Enquanto isso, 8 dos 20 piores estão no Norte, sendo os mais mal colocados Macapá (AP), Porto Velho (RO), Santarém (PA), Rio Branco (AC) e Belém (PA). Também se destacam negativamente capitais nordestinas e cidades da Baixada Fluminense.
“Historicamente o Norte nunca teve políticas públicas com investimentos garantidos para o saneamento básico. O objetivo é que todo município tenha um plano, com metas a serem cumpridas pelas concessionárias e fiscalizadas pelas agências reguladoras. Talvez esses locais não tenham isso”, afirma Pretto.
Como considera dados de dois anos atrás, o levantamento ainda não reflete eventuais melhoras após o chamado marco legal do saneamento. Nos próximos relatórios, o instituto diz esperar que alguns desses índices subam consideravelmente.
Aprovada em julho de 2020, a legislação passou a estimular a participação de empresas privadas e definiu 2033 como meta para a sua universalização —ou seja, fornecer água para 99% da população e coleta e tratamento de esgoto para 90%.
O relatório menciona que em 2021, portanto, “houve uma mudança de comportamento por parte de estados e municípios brasileiros”, fazendo com o que o país movimentasse R$ 42,2 bilhões em leilões dos serviços em diversos locais.

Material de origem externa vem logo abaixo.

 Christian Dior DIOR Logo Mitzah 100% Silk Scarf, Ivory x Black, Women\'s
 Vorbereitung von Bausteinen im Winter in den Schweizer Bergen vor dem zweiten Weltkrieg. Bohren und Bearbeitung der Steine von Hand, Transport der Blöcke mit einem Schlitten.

No próximo dia 31 de março, as agências reguladoras dos estados devem se manifestar sobre a capacidade econômico-financeira das empresas que ganharam as concorrências. Uma das metas intermediárias da nova lei é que elas provem que têm condições de prestar os serviços.
Nos anos anteriores, os dados do Trata Brasil apontaram uma queda relativa nos gastos. Um dos índices mostra que a média dos investimentos no setor sobre a arrecadação dos municípios caiu de 21,5%, em 2018, para 21%, em 2019, e para 19,8%, em 2020.

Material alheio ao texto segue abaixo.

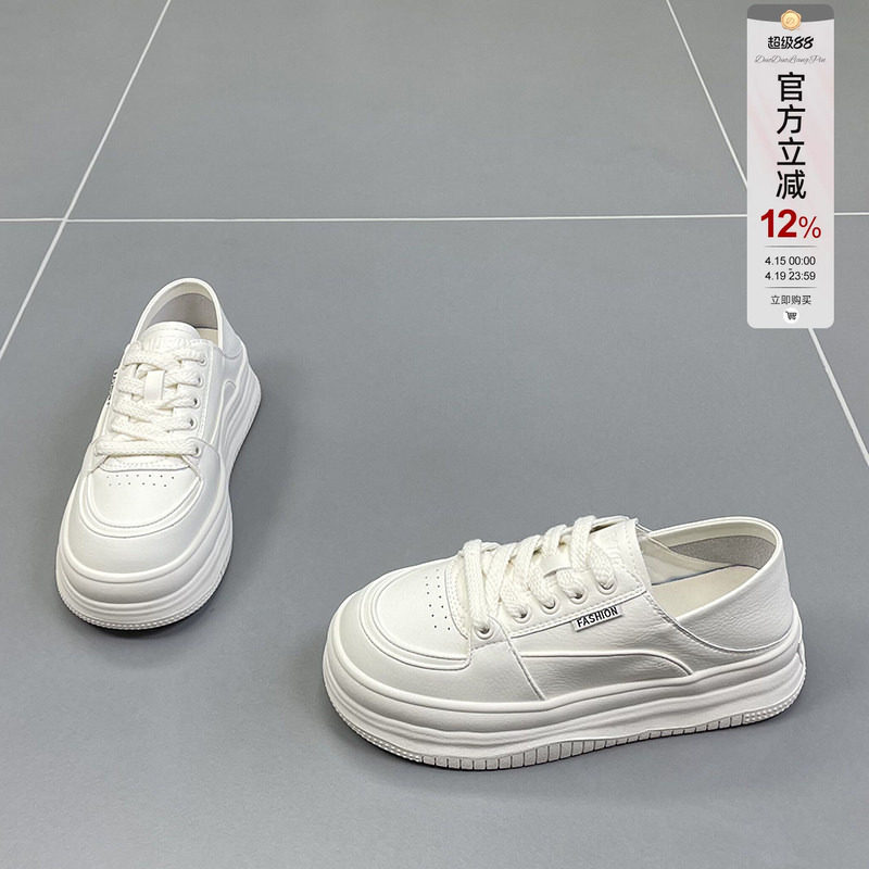 厚底板鞋女2026新款软皮系带简约学院风休闲鞋百搭小白鞋轻便防滑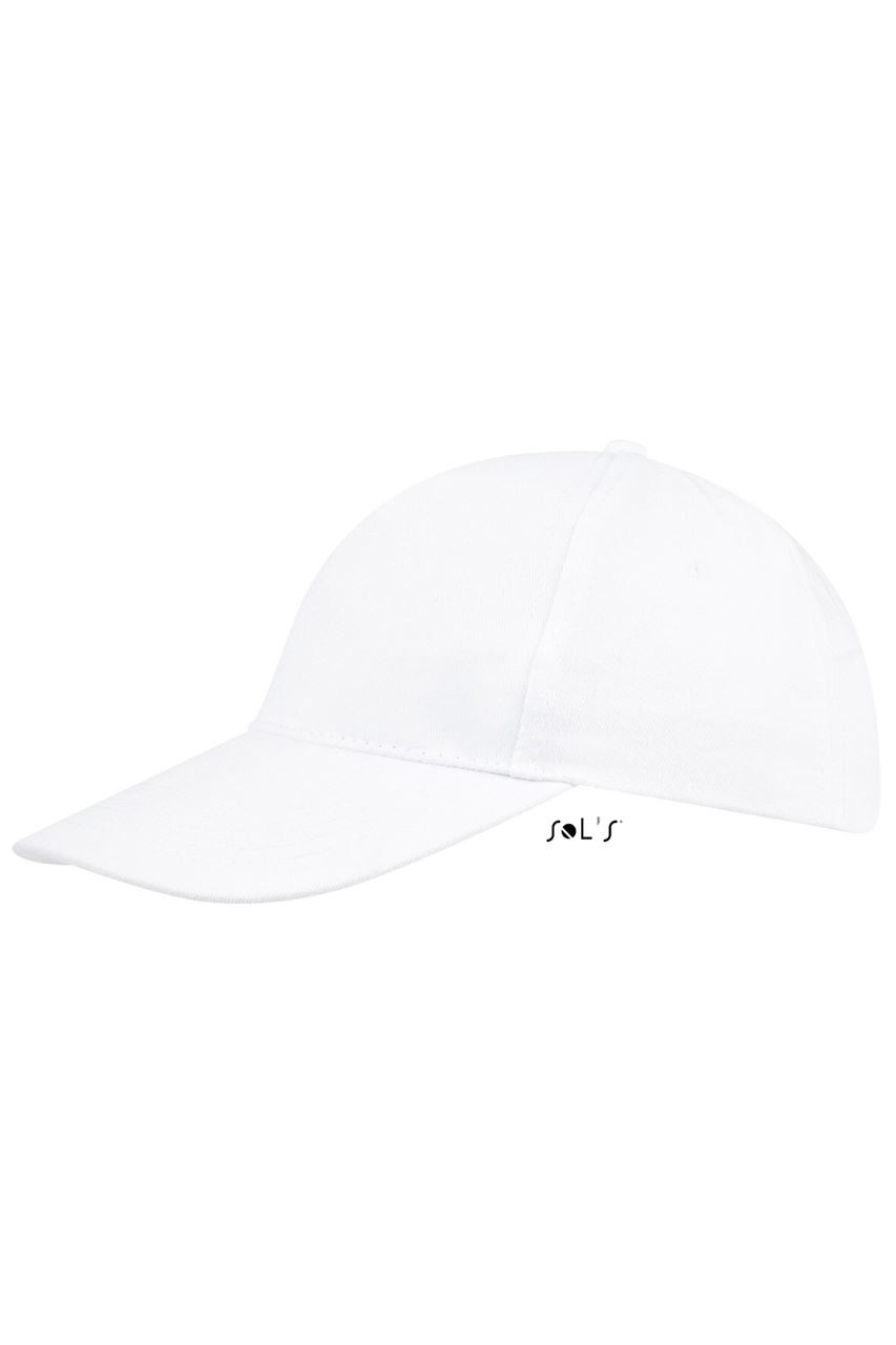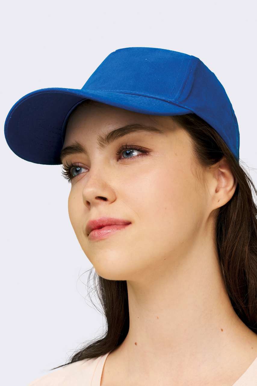 5 panel baseball cap in cotton twill 160 gr/m2 with adjustable plastic snap closure. 2 metal eyelets with matching colour plating. Size 7 1/4.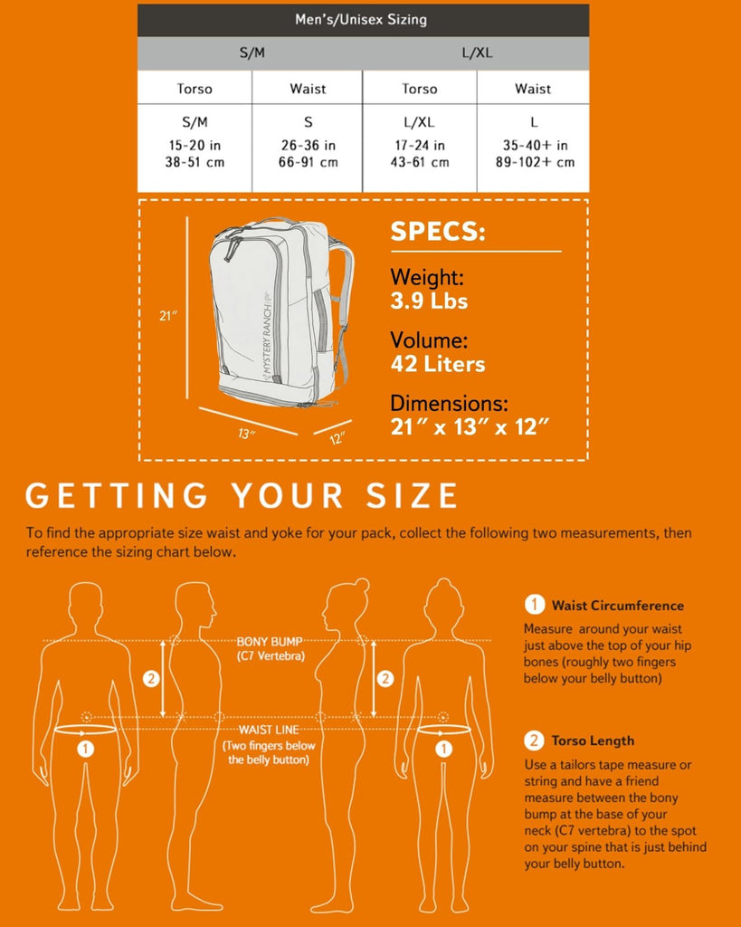 Brand: Mystery RanchColor: BlackFeatures: Built for Life on the Move: Our Mission Rover 45 is built for people who move often and need gear that moves with them; this 42 liter bag measures 21” by 13” by 12” with a weight of 3.9 lbs Optimal Storage: The clamshell opening makes...

Isso significa que mais de dois terços das cidades (69) investem menos de 30% do valor que arrecadam em saneamento, e só 8 desembolsam mais de 60%. O número considera o valor gasto tanto pelas concessionárias quanto pelo poder público.
“Hoje investimos R$ 13 bilhões por ano [somando o país todo]. Precisamos chegar a R$ 40 bilhões”, afirma a presidente do instituto, citando estimativas feitas pela Abcon Sindcon (Associação e Sindicato Nacional das Concessionárias Privadas de Serviços Públicos de Água e Esgoto).
A baixa cobertura tem consequências que afetam as cidades em diversos aspectos. Um levantamento anual da Folha mostrou no fim do ano passado, por exemplo, que o Brasil não tem conseguido avançar na limpeza de seu litoral.
O volume das praias consideradas boas (37%), ou seja, próprias para banho o ano todo, foi igual ao registrado em 2016, primeiro ano da coleta dos dados. Também estacionaram os locais classificados como regulares (25%) e ruins (9%).
Os impactos vão desde a saúde da população, com doenças transmitidas pela água, até o meio ambiente, o turismo e a empregabilidade. “Quando se tem saneamento, cria-se todo um ambiente propício para as pessoas prosperarem”, diz Pretto.